- [Directions for this task]:
Exactly the lines from the beginning of the listing below through the line that contains "tapis et pouf" should be transcribed, and pictures must stay out.

+++++

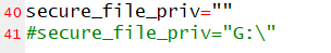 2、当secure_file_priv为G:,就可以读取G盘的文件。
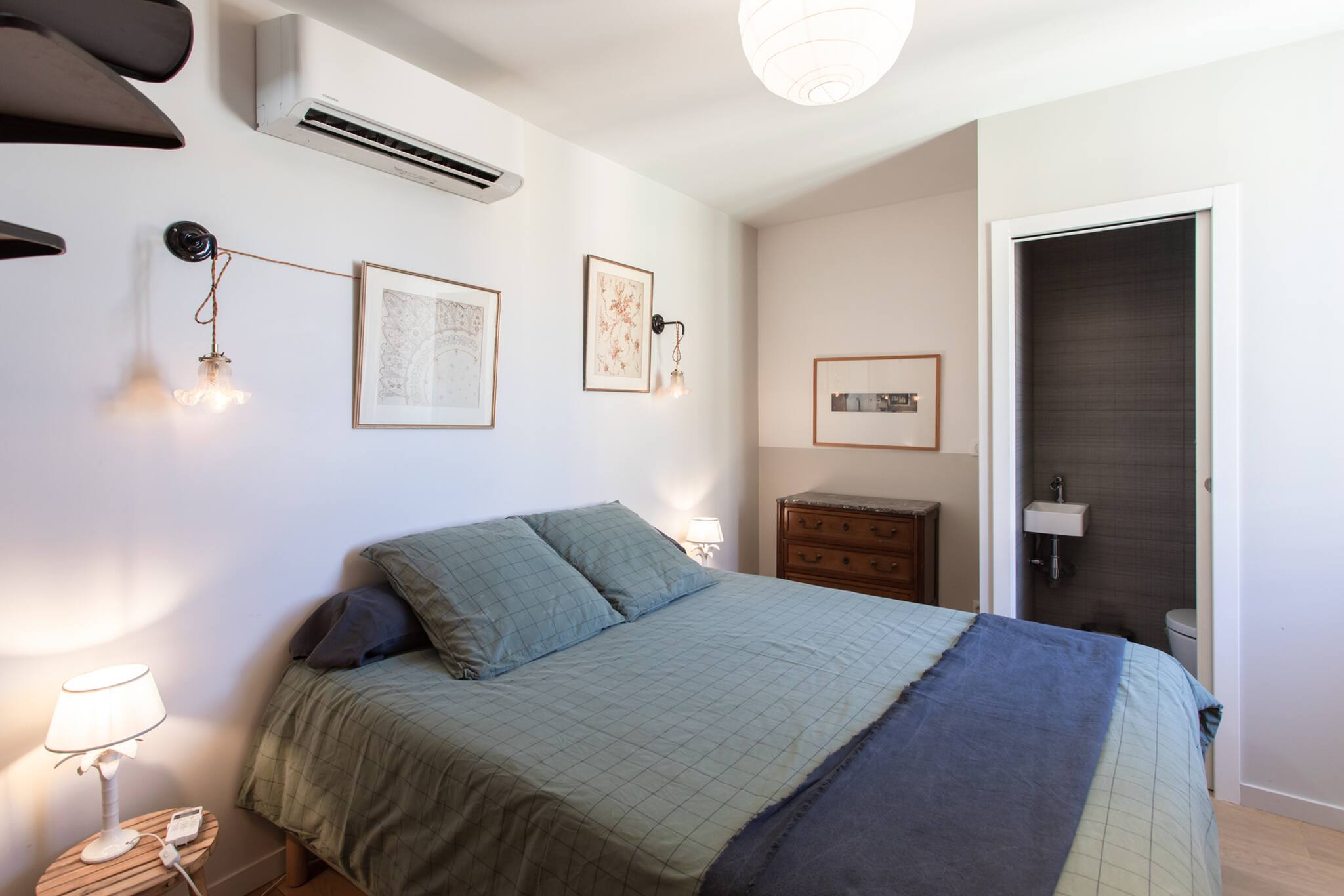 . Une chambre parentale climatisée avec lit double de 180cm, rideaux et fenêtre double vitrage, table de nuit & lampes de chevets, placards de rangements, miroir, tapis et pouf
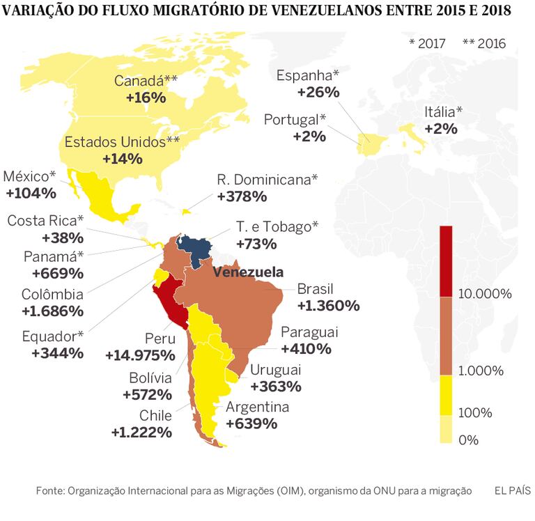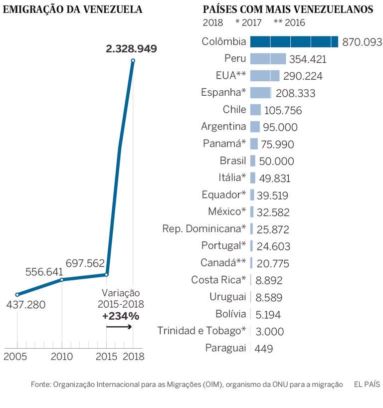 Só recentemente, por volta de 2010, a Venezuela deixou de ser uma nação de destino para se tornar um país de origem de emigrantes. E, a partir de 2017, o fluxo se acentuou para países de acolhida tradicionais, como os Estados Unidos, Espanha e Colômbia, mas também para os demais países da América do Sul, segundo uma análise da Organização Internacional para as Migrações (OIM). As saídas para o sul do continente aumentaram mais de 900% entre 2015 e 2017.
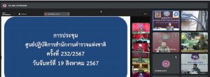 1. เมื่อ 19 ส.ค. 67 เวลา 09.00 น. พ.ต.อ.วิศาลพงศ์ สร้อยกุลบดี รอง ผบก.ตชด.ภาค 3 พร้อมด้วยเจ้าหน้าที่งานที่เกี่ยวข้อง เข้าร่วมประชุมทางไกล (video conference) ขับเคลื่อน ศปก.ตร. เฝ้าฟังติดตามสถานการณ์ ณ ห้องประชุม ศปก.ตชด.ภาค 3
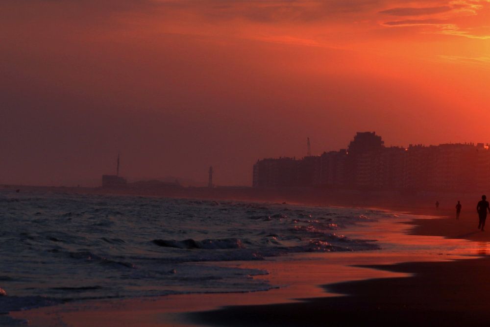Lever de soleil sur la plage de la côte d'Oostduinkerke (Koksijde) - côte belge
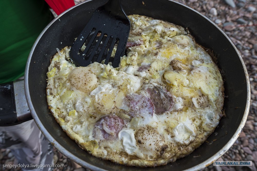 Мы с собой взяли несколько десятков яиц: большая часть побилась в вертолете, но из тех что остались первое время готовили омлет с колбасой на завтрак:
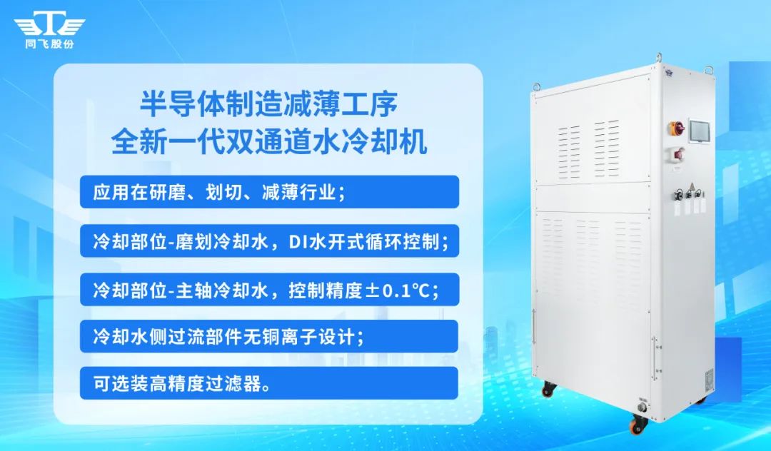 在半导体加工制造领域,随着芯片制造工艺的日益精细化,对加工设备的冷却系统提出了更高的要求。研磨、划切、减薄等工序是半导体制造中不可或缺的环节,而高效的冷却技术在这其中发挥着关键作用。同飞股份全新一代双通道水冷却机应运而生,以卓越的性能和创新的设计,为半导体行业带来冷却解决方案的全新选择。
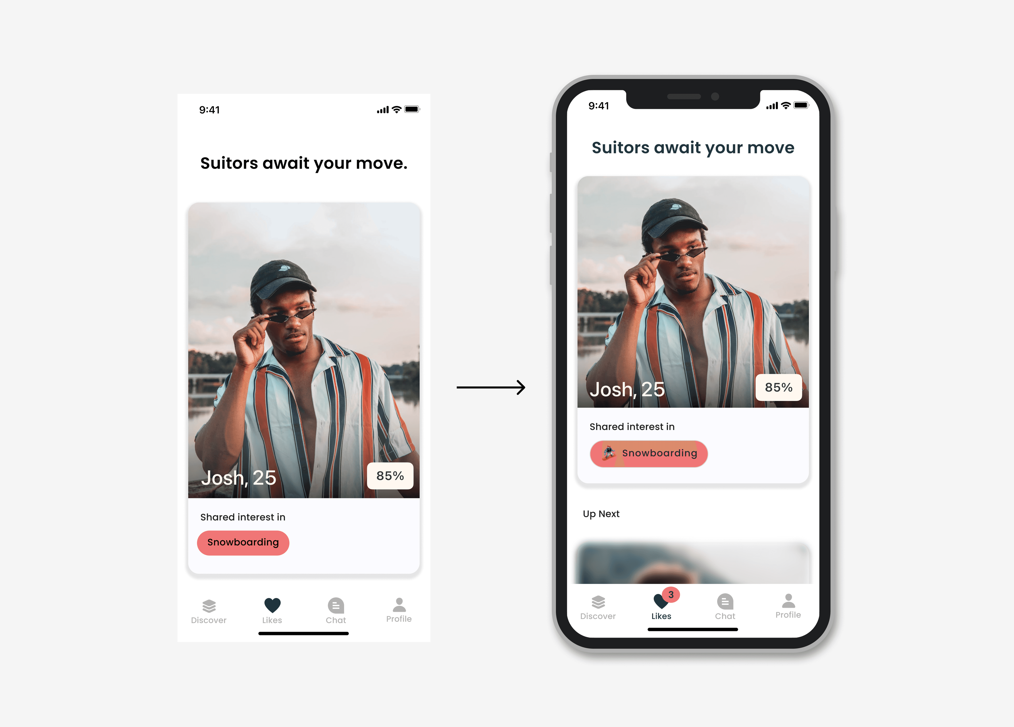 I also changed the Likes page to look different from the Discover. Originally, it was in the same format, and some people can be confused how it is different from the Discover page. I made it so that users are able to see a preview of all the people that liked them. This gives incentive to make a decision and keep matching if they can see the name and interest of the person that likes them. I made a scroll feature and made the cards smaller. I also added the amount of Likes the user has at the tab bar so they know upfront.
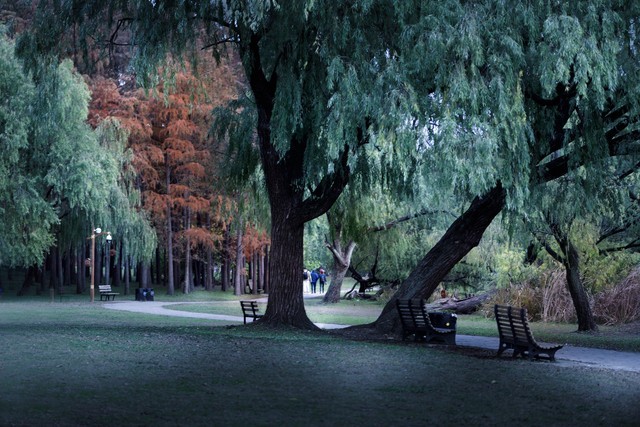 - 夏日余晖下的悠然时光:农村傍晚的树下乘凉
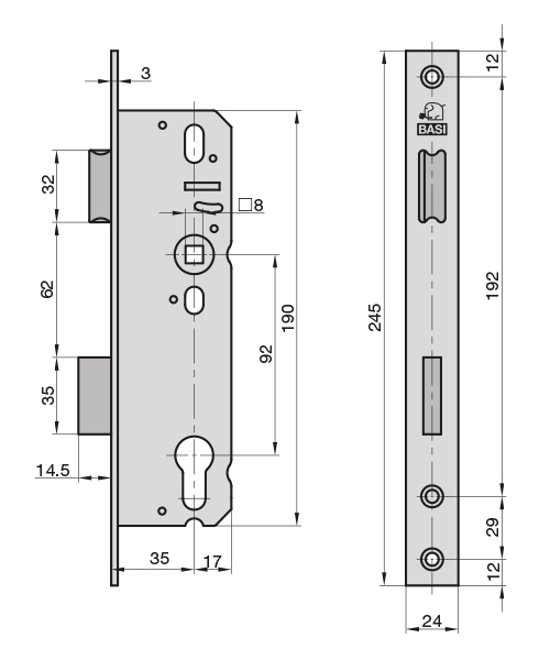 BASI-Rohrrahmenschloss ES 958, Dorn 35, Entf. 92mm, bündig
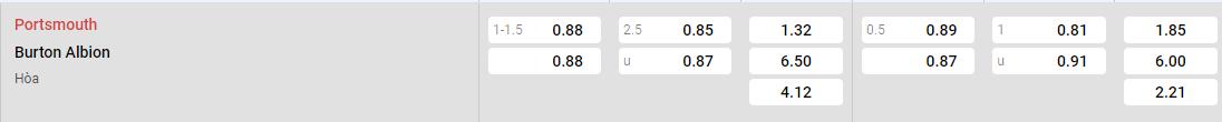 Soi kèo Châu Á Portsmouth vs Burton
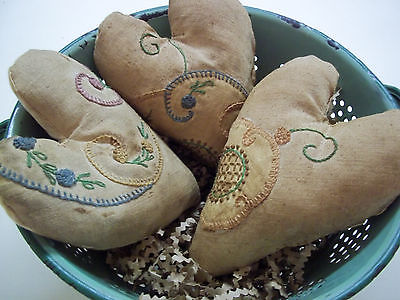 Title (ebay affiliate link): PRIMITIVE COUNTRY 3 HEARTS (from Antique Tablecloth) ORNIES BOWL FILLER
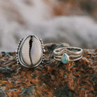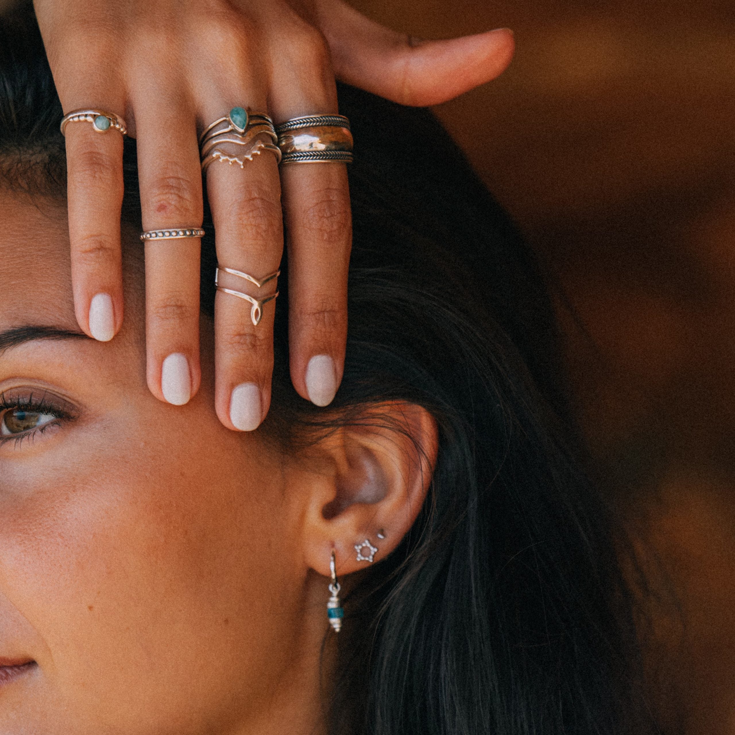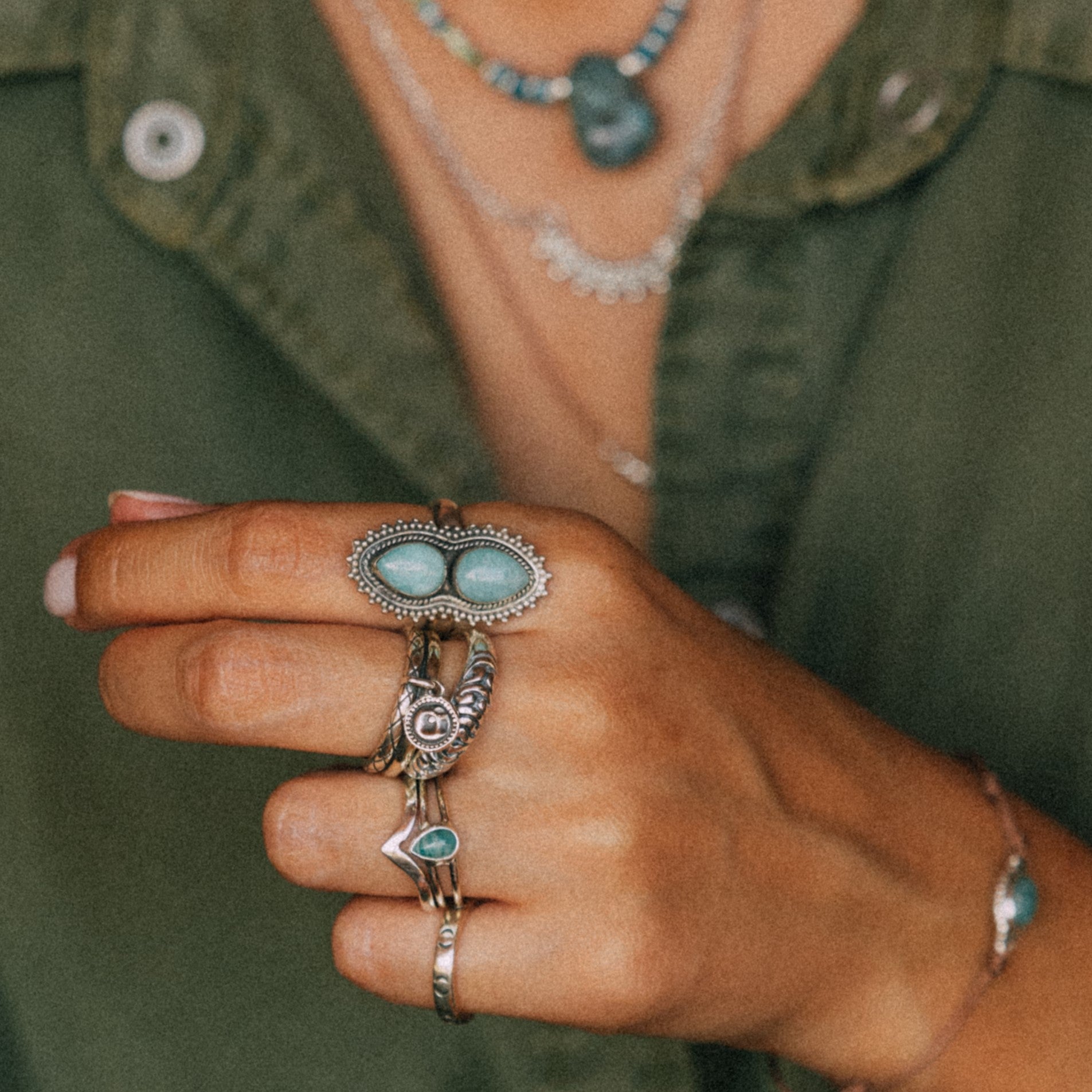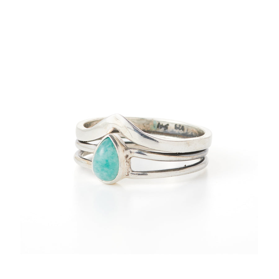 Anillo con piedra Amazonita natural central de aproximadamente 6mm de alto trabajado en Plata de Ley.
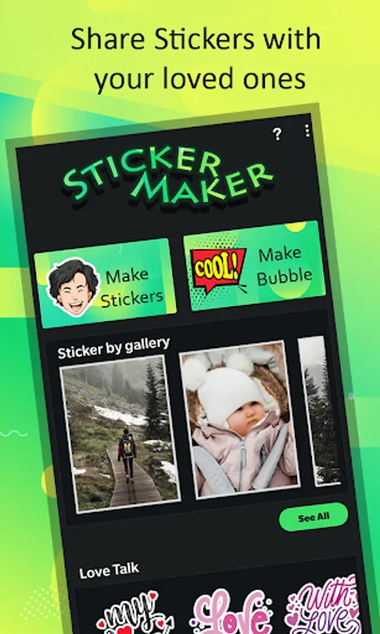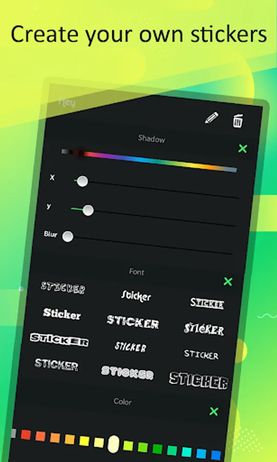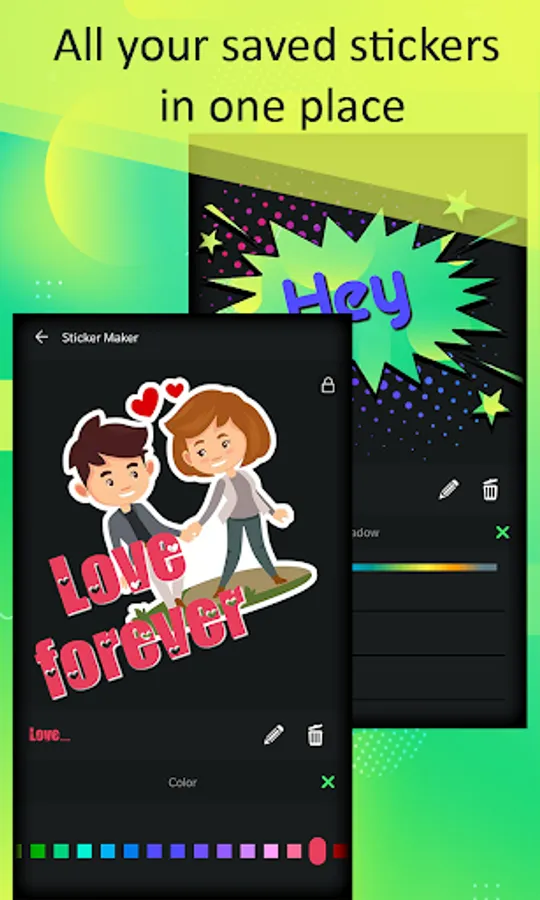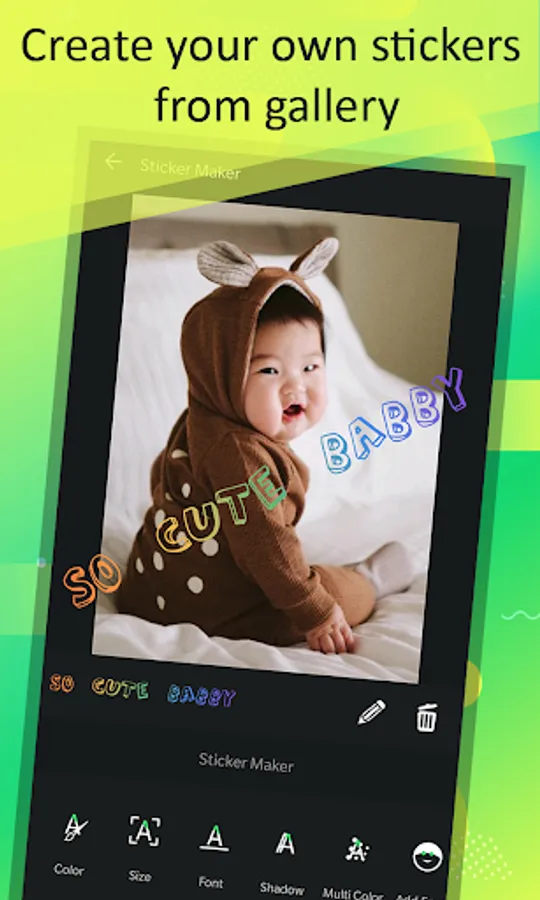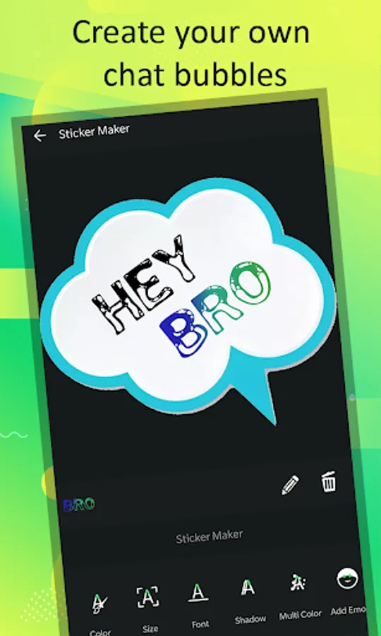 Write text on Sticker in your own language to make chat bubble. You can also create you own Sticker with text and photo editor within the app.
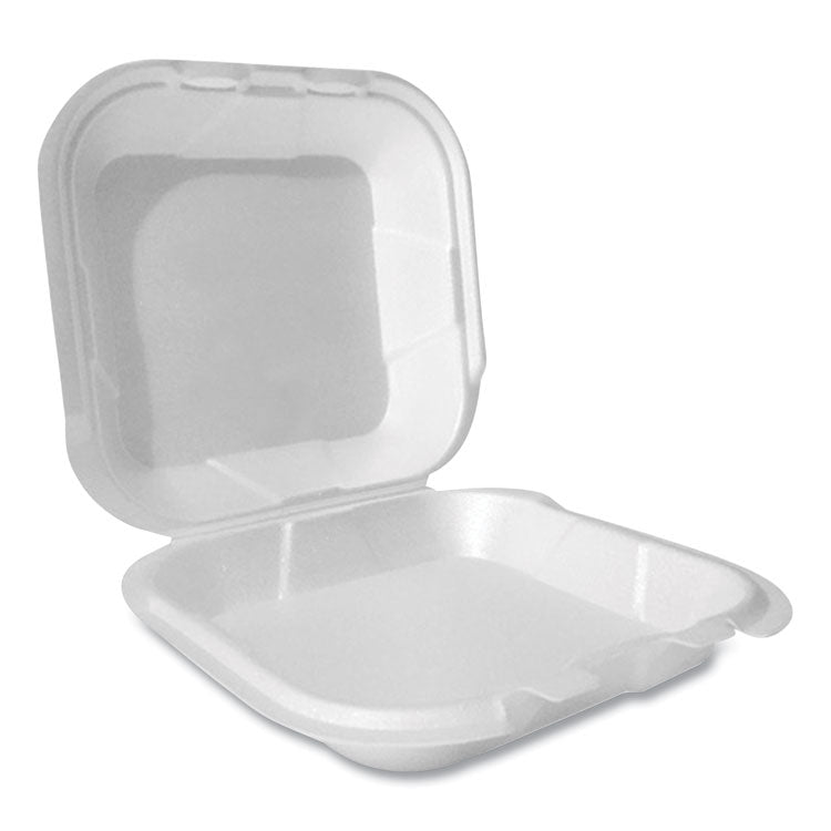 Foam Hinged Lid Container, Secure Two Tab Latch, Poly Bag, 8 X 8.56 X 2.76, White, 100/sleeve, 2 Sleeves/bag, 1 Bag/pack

+++++

- [Result of this task]:
 2、当secure_file_priv为G:,就可以读取G盘的文件。
 . Une chambre parentale climatisée avec lit double de 180cm, rideaux et fenêtre double vitrage, table de nuit & lampes de chevets, placards de rangements, miroir, tapis et pouf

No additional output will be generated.